If you want to throw around terms like "skin effect," etc., that's disingenuous. Sure, skin effect is real. It's demonstrable in the lab. So are a lot of other things. The disingenuous part is when there's no causal link between the described effect and what the end result is. This is a logical fallacy, a non-sequitur. It's just like arguing that water causes cancer. After all, 100% of people with cancer drank a glass of water at one time. However, it just does not follow that water causes cancer without empirical evidence.

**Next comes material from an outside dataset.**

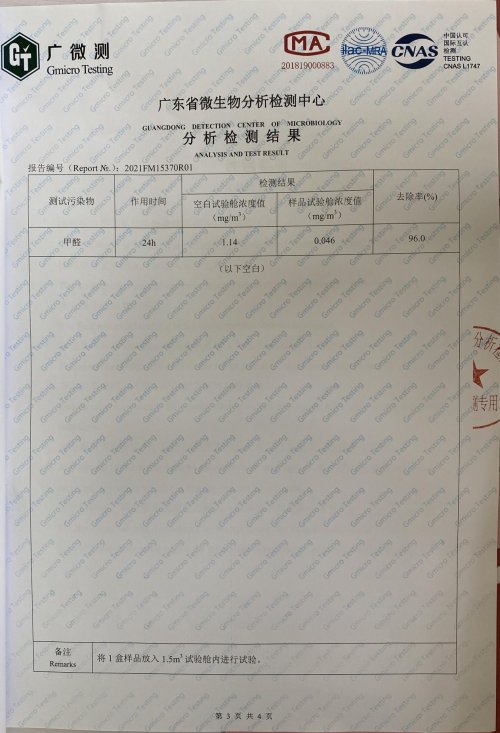 根据《中国室内空气质量标准》(GB/T18883-2002),有效的推荐叶广泥(甲醛去除率96%,甲苯去除率98%)附检测报告: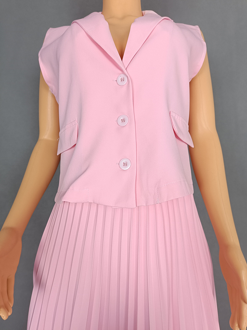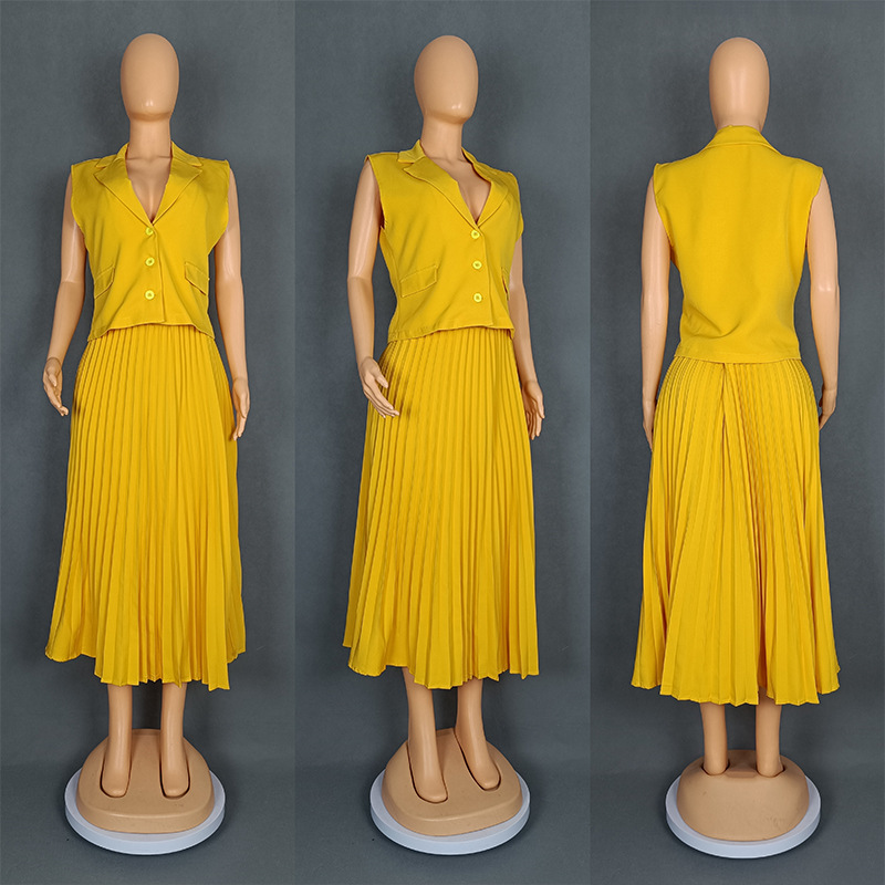 유럽과 미국 국경 여성 2025 새로운 기질 세트 칼라 싱글 브레스트 조끼 재킷 플리츠 스커트 세트 9056 #

So when you see the cable manufacturers throwing out all sorts of electronic exotica, stop and ask yourself how the described effect affects the cable. Further, do you see any results of testing? Of course not.
If there was a way to adequately test the cables, the manufacturers would do so. They are not naive. They know people call their products snake oil. So why not prove the nay-sayers wrong? Why don't they do that? Why don't they nail down and prove their products excellent? Why do they only describe their products in vague terms, just barely skirting the issue of false advertising? Also, why don't they want to prove their products superior to the competition? Pick up any car magazine and you'll get tons of copy about the differences between models. But not with cables. They don't do it because they can't.